● **TASK BRIEF**: Leave out the pictures. Return every record otherwise untouched.

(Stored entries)
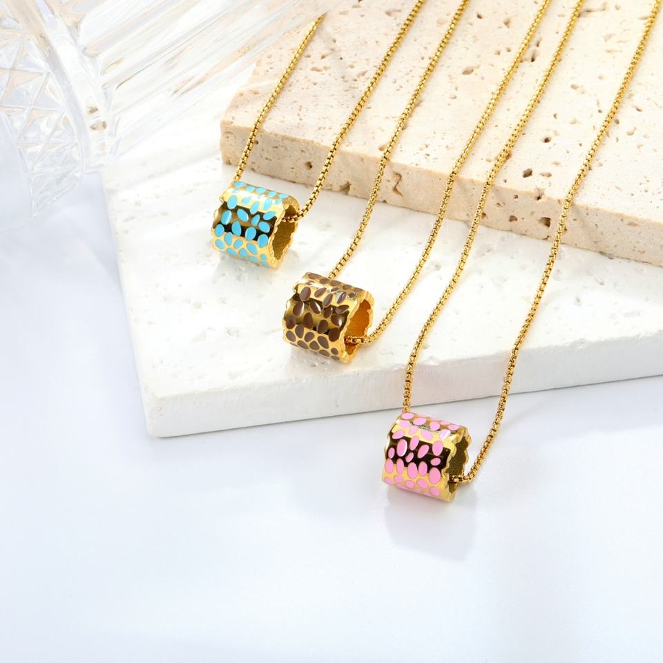 สร้อยคอจี้ทรงกระบอกสแตนเลสแบบขายส่ง ชุบทอง 18K พร้อมสร้อยแบบเกลียวลายงู สำหรับผู้หญิง
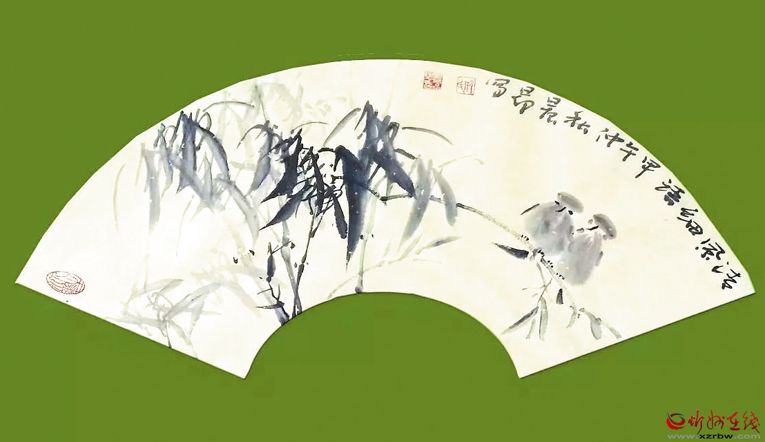 邢晨昂畫竹,已非一日之功。起先畫竹只因其簡單,兩枝三葉,成畫容易。從不得要領到漸入佳境,如今,伏案落筆便是一簇靈動之竹,大多清寫淡描,蛋黃點點,柔葉婆娑,疑似颯颯作響,頗見禪意幽幽。也有一些枝葉簡約,寥寥數(shù)筆,不枝不蔓,風骨畢現(xiàn)。
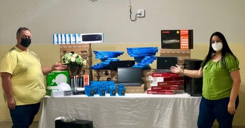 Na oportunidade, foram entregues 25 notebooks acompanhados com mouse e teclado, 01 computador que comportará o servidor da saúde do município, roteadores e dois switchs de 24 portas
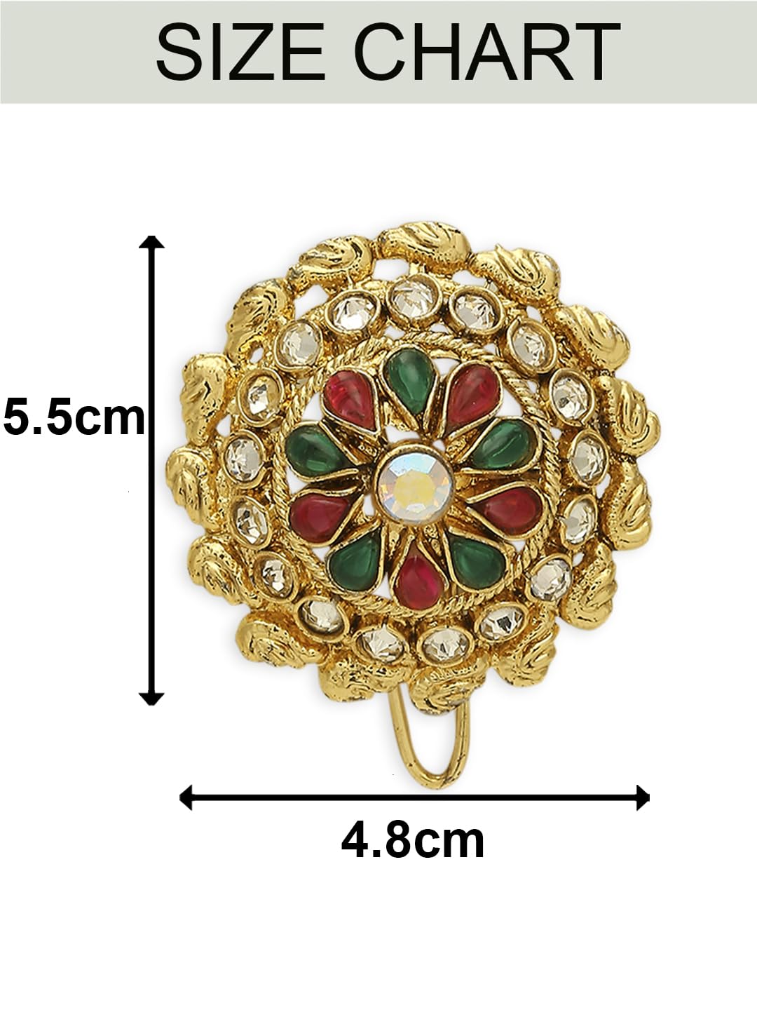 OOMPH Jewellery Red Maroon & Green Stones Ethnic Hair Bun Pin – Juda Pin | Floral Design with Pearls For Women & Girls Stylish Latest (HST1_O)
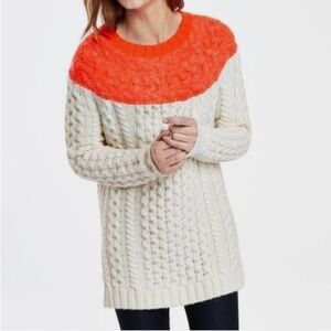 Boden Long Cream and Orange Cable Knit Sweater
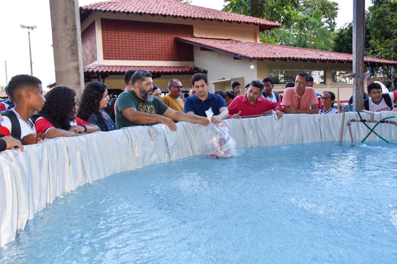Foram colocados aproximadamente 350 peixes da espécie matrinxã, muito comum no Amazonas e bastante consumido no município de Cametá, como afirma o professor de Biologia e técnico em aquicultura da Escola, Márcio Rodrigues.
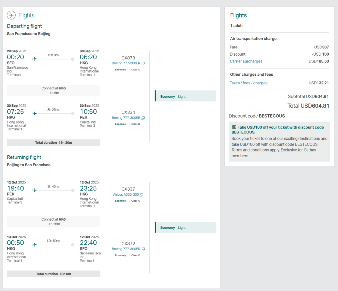 淡季碰上折上折,600美金出头往返北京~ 香港出发直飞85折,国泰双向的折扣券,比旅行社还便宜了!
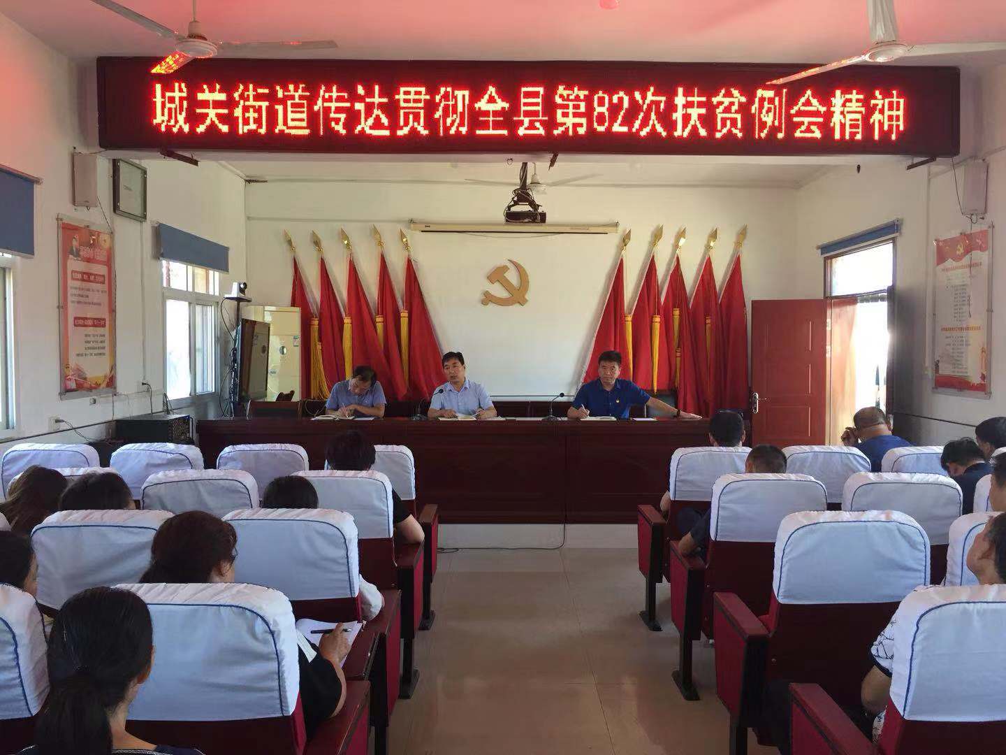 8月29日上午,城关街道组织机关全体干部职工、驻村第一书记召开了专题会议,传达贯彻全县第82次扶贫例会精神。

● **ANSWER BOX**:
 สร้อยคอจี้ทรงกระบอกสแตนเลสแบบขายส่ง ชุบทอง 18K พร้อมสร้อยแบบเกลียวลายงู สำหรับผู้หญิง
 邢晨昂畫竹,已非一日之功。起先畫竹只因其簡單,兩枝三葉,成畫容易。從不得要領到漸入佳境,如今,伏案落筆便是一簇靈動之竹,大多清寫淡描,蛋黃點點,柔葉婆娑,疑似颯颯作響,頗見禪意幽幽。也有一些枝葉簡約,寥寥數(shù)筆,不枝不蔓,風骨畢現(xiàn)。
 Na oportunidade, foram entregues 25 notebooks acompanhados com mouse e teclado, 01 computador que comportará o servidor da saúde do município, roteadores e dois switchs de 24 portas
 OOMPH Jewellery Red Maroon & Green Stones Ethnic Hair Bun Pin – Juda Pin | Floral Design with Pearls For Women & Girls Stylish Latest (HST1_O)
 Boden Long Cream and Orange Cable Knit Sweater
Foram colocados aproximadamente 350 peixes da espécie matrinxã, muito comum no Amazonas e bastante consumido no município de Cametá, como afirma o professor de Biologia e técnico em aquicultura da Escola, Márcio Rodrigues.
 淡季碰上折上折,600美金出头往返北京~ 香港出发直飞85折,国泰双向的折扣券,比旅行社还便宜了!
 8月29日上午,城关街道组织机关全体干部职工、驻村第一书记召开了专题会议,传达贯彻全县第82次扶贫例会精神。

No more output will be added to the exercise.